Kasinathan, D., Koepernik, K., Janson, O., Nilsen, G. J., Piatek, J. O., Ronnow, H. M., et al. (2013). Electronic structure of KTi(SO₄)₂•H₂O: An S=½ frustrated chain antiferromagnet. Physical Review B, 88(22): 224410, pp. 1-9. doi:10.1103/PhysRevB.88.224410.

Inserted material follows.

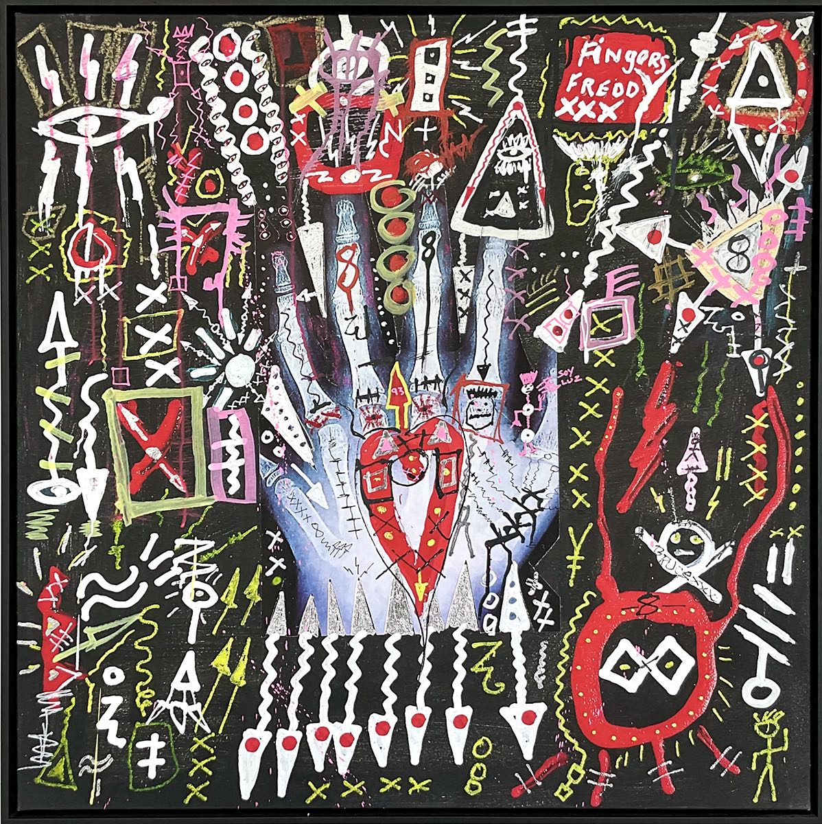 At the age of three, Vazquez traveled with his mother, sister and grandmother to America from Cuba, which at the time, would have been an incredibly dangerous journey (this was 1969, after the Cuban Missile Crisis in '63, and the Bay of Pigs in '61). By the time his family fled Cuba, the Cold War was raging, travel to and from Cuba was forbidden, and the US placed an embargo of all goods flowing back and forth, virtually isolating the island. Growing up, Vazquez was exposed to a rich history of Afro-Caribbean Religions and Deities, an exposure to the occult that would follow him throughout his life, and one that would eventually appear as cryptic signs, mysterious symbols and bold sentences in his visual art.

Cite as: https://hdl.handle.net/11858/00-001M-0000-0017-C056-0

Abstract

The compound KTi(SO4)(2)center dot H2O was recently reported as a quasi-one-dimensional spin-1/2 compound with competing antiferromagnetic nearest-neighbor exchange J(1) and next-nearest-neighbor exchange J(2) along the chain with a frustration ratio alpha = J(2)/J(1) approximate to 0.29 [G. J. Nilsen, H. M. Ronnow, A. M. Lauchli, F. P. A. Fabbiani, J. Sanchez-Benitez, K. V. Kamenev, and A. Harrison, Chem. Mater. 20, 8 (2008)]. Here, we report a microscopically based magnetic model for this compound derived from density functional theory (DFT) based electronic structure calculations along with respective tight-binding models. Our (LSDA+U-d) calculations confirm the quasi-one-dimensional nature of the system with antiferromagnetic J(1) and J(2), but suggest a significantly larger frustration ratio alpha(DFT) approximate to 0.94-1.4, depending on the choice of U-d and structural parameters. Based on transfer matrix renormalization group (TMRG) calculations we find alpha(TMRG) = 1.5. Due to an intrinsic symmetry of the J(1)-J(2) model, our larger frustration ratio alpha is also consistent with the previous thermodynamic data. To identify the frustration ratio alpha unambiguously, we propose performing high-field magnetization and low-temperature susceptibility measurements.